Obwohl viele Seesterne räuberisch sind und sich von kleinen Fischen, Austern und Muscheln ernähren, sind einige Seesterne Allesfresser und ergänzen ihre Nahrung mit organischen Partikeln wie Algen. Da Seesterne in unseren Meeren und Ozeanen seit fast einer halben Milliarde Jahren mit kaum Veränderungen in ihrer Anatomie existieren, sind sie ein klassisches Beispiel dessen, was als "lebendes Fossil" bezeichnet wird.
Wunderschönes Exemplar eines Echinoderms aus Marokko. Diese Meerestiere gehörten zu den ersten Lebewesen, die den Planeten bewohnten. Fund im nordwestlichen Sahara.
Die Meeresspiegel lagen auf dem Höchststand des Paläozoiks während des Ordoviziums, und die Wassertemperaturen überstiegen 110 °F. Diese Bedingungen ermöglichten das Gedeihen des Meerlebens und führten zu einer breiten Diversifizierung. Es war während dieser Periode, dass sich die Seesterne (Klasse Asteroidea) und die Brittelsterne (Klasse Ophiuroidea) differenzierten.

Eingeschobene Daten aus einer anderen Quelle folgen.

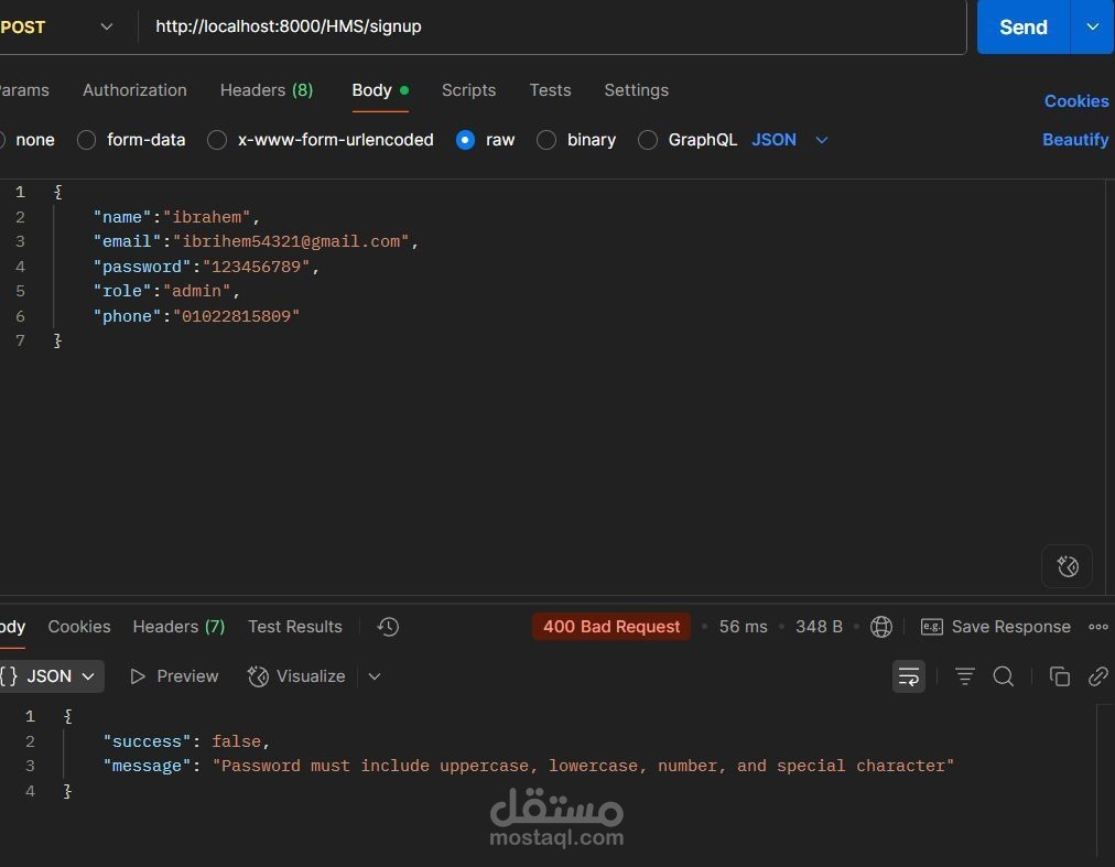 Validation كامل لكل البيانات قبل حفظها في قاعدة البيانات.

Die Seesterne, oder Seesterne, neigen dazu, breitere Arme zu haben, die stärker miteinander verbunden sind. Sie hatten Tubenfüße, die ihnen die Fortbewegung ermöglichten. Die Brittelsterne hingegen hatten schmalere und flexiblere Arme, mit denen sie sich über dem Meeresboden fortbewegten. Die fossilen Brittelsterne, die in Marokko gefunden wurden, gehören zur Gattung Ophiura und zeichnen sich durch einen scheibenförmigen Körper mit langen, dünnen Armen aus, die radial um ihn herum angeordnet sind. In den fossilen Platten wirken ihre gewellten Arme wie tanzend.

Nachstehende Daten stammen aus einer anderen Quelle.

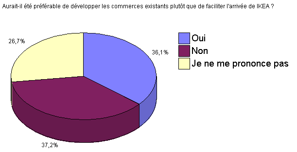 A la question de notre questionnaire « pensez-vous qu’il aurait été préférable de développer les commerces existants plutôt que de favoriser l’arrivée d’IKEA ? » (cf. graphique 13), les avis sont partagés : 36% ont répondu par l’affirmative, alors que 37% ont répondu par la négative.
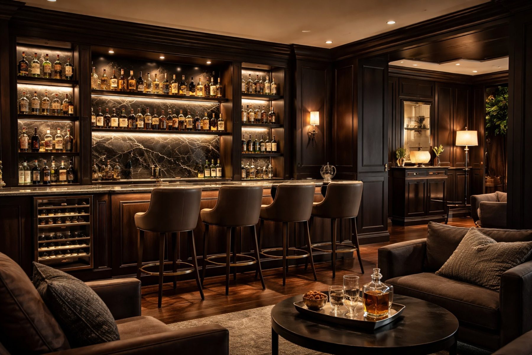 Entertaining and beverage spaces with personality, polish, and purposeful storage.

Obwohl viele Seesterne räuberisch sind und sich von kleinen Fischen, Austern und Muscheln ernähren, sind einige Seesterne Allesfresser und ergänzen ihre Nahrung mit organischen Partikeln wie Algen. Da Seesterne in unseren Meeren und Ozeanen seit fast einer halben Milliarde Jahren mit kaum Veränderungen in ihrer Anatomie existieren, sind sie ein klassisches Beispiel dessen, was als "lebendes Fossil" bezeichnet wird.